DESIGN: Retrospective comparative study.
SETTING: Urban level 1 trauma center.
PATIENTS/PARTICIPANTS: One hundred thirty-four patients with high-energy tibial plateau fractures (OTA/AO 41B/C [Schatzker VI/V/VI]) treated with open reduction and internal fixation (ORIF).
INTERVENTION: Utilization of an acute ORIF (<48 hours) versus delayed ORIF protocol.
MAIN OUTCOME MEASURE: Primary outcomes: wound complications (wound dehiscence/necrosis, superficial/deep infections) and reoperations. Secondary outcomes: total operative costs and hospital length of stay.
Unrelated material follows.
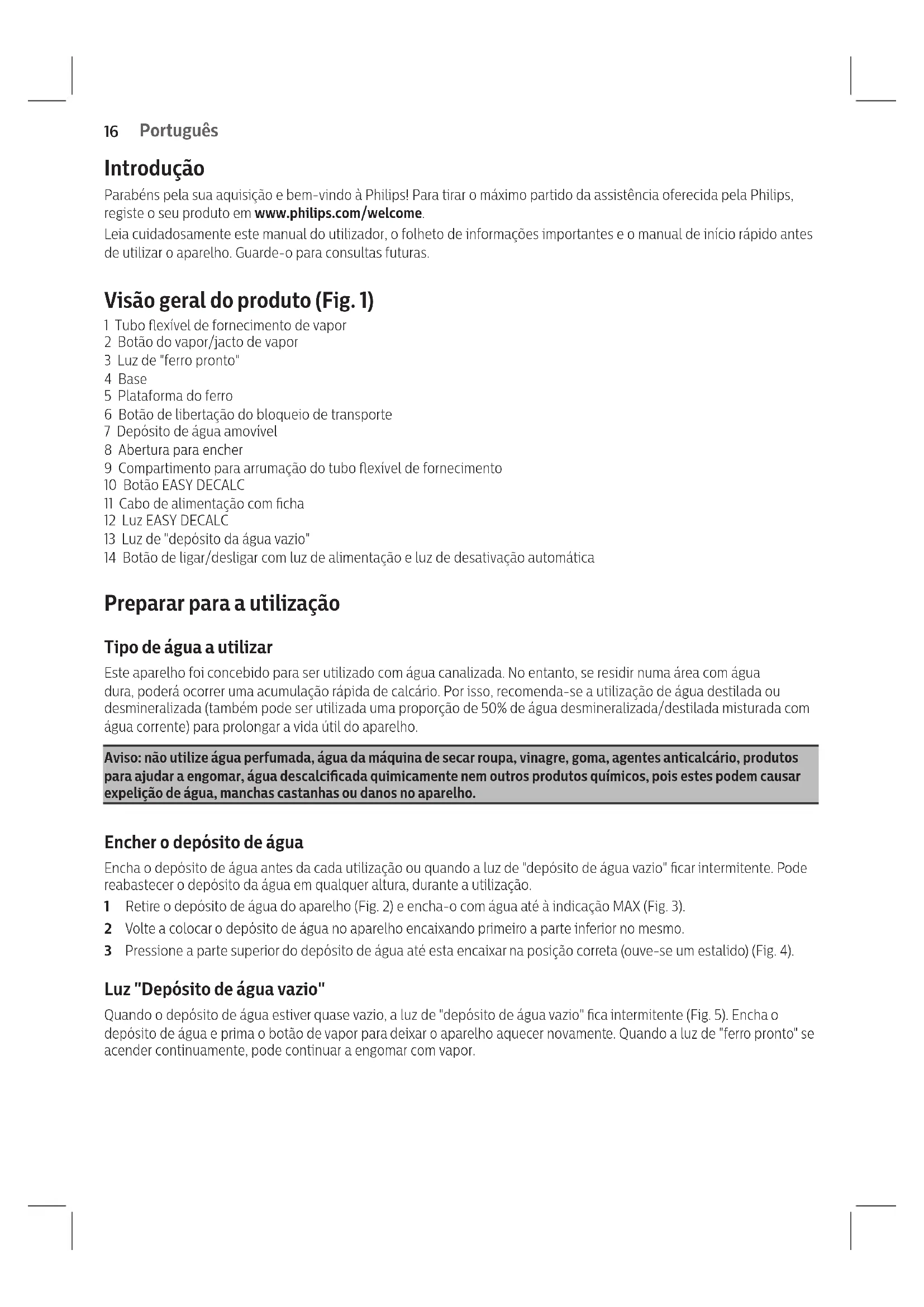 8 Arrêtez le nettoyage lorsque l'eau ne s'échappe plus de la semelle. 9 Vous pouvez recommencer à utiliser l'appareil immédiatement. Autrement, débranchez l'appareil une fois le détartrage terminé. Rangement 1 Arrêtez l'appareil et débranchez-le. Remarque : il est recommandé de vider le réservoir d'eau après chaque utilisation. 2 Posez le fer à repasser sur son support et verrouillez-le en appuyant sur le bouton de déverrouillage du fer (g. 23). 3 Laissez refroidir l'appareil. 4 Pliez le cordon d'arrivée de la vapeur et enroulez-le dans le compartiment de rangement du cordon vapeur (g. 24). 5 Pliez le cordon d'alimentation et attachez-le avec la bande Velcro. 6 Vous pouvez transporter l'appareil par la poignée du fer d'une seule main lorsque le fer est verrouillé sur son support. Dépannage Cette rubrique présente les problèmes les plus courants que vous pouvez rencontrer avec votre appareil. Si vous ne parvenez pas à résoudre le problème à l'aide des informations ci-dessous, rendez-vous sur www.philips.com/support pour consulter les questions fréquemment posées ou contactez le Service Consommateurs de votre pays. Problème Cause Solution De l'eau sale, des taches marron ou des particules de calcaire s'échappent de la semelle. Du calcaire s'est accumulé dans l'appareil car il n'a pas été détartré régulièrement. Détartrez l'appareil et la semelle (voir le chapitre « Nettoyage et entretien »). Vous avez mis des produits chimiques ou des additifs dans le réservoir d'eau. N'utilisez jamais de produits chimiques ni d'additifs avec l'appareil. Si vous l'avez fait, suivez la procédure du chapitre « Nettoyage et entretien » pour éliminer les produits chimiques. Il n'y a pas de vapeur ou peu de vapeur. L'appareil n'a pas susamment chaué. Patientez jusqu'à ce que le voyant « Fer prêt » reste allumé. Il faut environ 2 minutes. Il n'y a pas assez d'eau dans le réservoir d'eau. Remplissez le réservoir d'eau jusqu'au niveau MAX. Français15 Français Problème Cause Solution Du calcaire s'est accumulé dans l'appareil car il n'a pas été détartré régulièrement. Détartrez l'appareil et la semelle (voir le chapitre « Nettoyage et entretien »). De l'eau s'écoule de la semelle. La vapeur se condense en eau dans le cordon lorsque vous utilisez la vapeur pour la première fois ou lorsque vous ne l'avez pas utilisée pendant longtemps. Ce phénomène est normal. Tenez le fer à l'écart du vêtement et appuyez sur la gâchette vapeur. Patientez jusqu'à ce que de la vapeur, et non plus de l'eau, s'échappe de la semelle. La housse de la planche à repasser devient humide ou des gouttes d'eau apparaissent sur le sol/le vêtement. Votre housse de planche à repasser n'est pas conçue pour résister à un débit élevé de vapeur. Utilisez une couche de feutre dans la housse de la planche à repasser pour empêcher la formation de gouttes d'eau. La surface sous le socle de l'appareil devient humide, ou de l'eau et/ou de la vapeur s'échappe de sous le bouton EASY DECALC. Le bouton EASY DECALC n'a pas été correctement vissé. Éteignez l'appareil et attendez 2 heures qu'il refroidisse. Dévissez et revissez correctement le bouton. La bague d'étanchéité en caoutchouc du bouton EASY DECALC est usée. Contactez un Centre Service Agréé Philips pour vous procurer un nouveau bouton EASY DECALC. Le fer ne chaue pas et le voyant DECALC clignote en rouge. L'appareil vous rappelle d'exécuter la procédure de détartrage. Le voyant clignote après environ un mois d'utilisation. Eectuez la procédure de détartrage, suivez les instructions de la section « Détartrage de l'appareil ». Garantie et assistance Si vous avez besoin d'une assistance ou d'informations supplémentaires, consultez le site Web www.philips.com/support ou lisez le dépliant sur la garantie internationale.16 Português Introdução Parabéns pela sua aquisição e bem-vindo à Philips! Para tirar o máximo partido da assistência oferecida pela Philips, registe o seu produto em www.philips.com/welcome. Leia cuidadosamente este manual do utilizador, o folheto de informações importantes e o manual de início rápido antes de utilizar o aparelho. Guarde-o para consultas futuras. Visão geral do produto (Fig. 1) 1 Tubo exível de fornecimento de vapor 2 Botão do vapor/jacto de vapor 3 Luz de "ferro pronto" 4 Base 5 Plataforma do ferro 6 Botão de libertação do bloqueio de transporte 7 Depósito de água amovível 8 Abertura para encher 9 Compartimento para arrumação do tubo exível de fornecimento 10 Botão EASY DECALC 11 Cabo de alimentação com cha 12 Luz EASY DECALC 13 Luz de "depósito da água vazio" 14 Botão de ligar/desligar com luz de alimentação e luz de desativação automática Preparar para a utilização Tipo de água a utilizar Este aparelho foi concebido para ser utilizado com água canalizada. No entanto, se residir numa área com água dura, poderá ocorrer uma acumulação rápida de calcário. Por isso, recomenda-se a utilização de água destilada ou desmineralizada (também pode ser utilizada uma proporção de 50% de água desmineralizada/destilada misturada com água corrente) para prolongar a vida útil do aparelho. Aviso: não utilize água perfumada, água da máquina de secar roupa, vinagre, goma, agentes anticalcário, produtos para ajudar a engomar, água descalcicada quimicamente nem outros produtos químicos, pois estes podem causar expelição de água, manchas castanhas ou danos no aparelho. Encher o depósito de água Encha o depósito de água antes da cada utilização ou quando a luz de "depósito de água vazio" car intermitente. Pode reabastecer o depósito da água em qualquer altura, durante a utilização. 1 Retire o depósito de água do aparelho (Fig. 2) e encha-o com água até à indicação MAX (Fig. 3). 2 Volte a colocar o depósito de água no aparelho encaixando primeiro a parte inferior no mesmo. 3 Pressione a parte superior do d

RESULTS: Overall, 83.9% (26/31) of patients received definitive fixation within 48 hours under the acute ORIF protocol versus 18.4% (19/103) of patients treated under the standard delayed protocol with no observed differences in the rate of wound complications (proportional difference (PD) -4.6%, confidence interval (CI) -17.2% to 11.3%; P = 0.78) or reoperations (PD 2.0%, CI, 13.0% to 12.5%; P = 1.00). The acute ORIF protocol lowered operative costs (median difference (MD) $-2.563.00, CI, 3021.00 to -1661.00; P < 0.001) and hospital length of stay (MD 4.0 days, CI, 6.0-1.0; P = 0.001). On multivariate analysis, wound complications were associated with increasing age (odds ratio (OR) 1.05, CI, 1.01-1.10; P = 0.01) and tobacco use (OR 3.75, CI, 1.19-11.82; P = 0.02).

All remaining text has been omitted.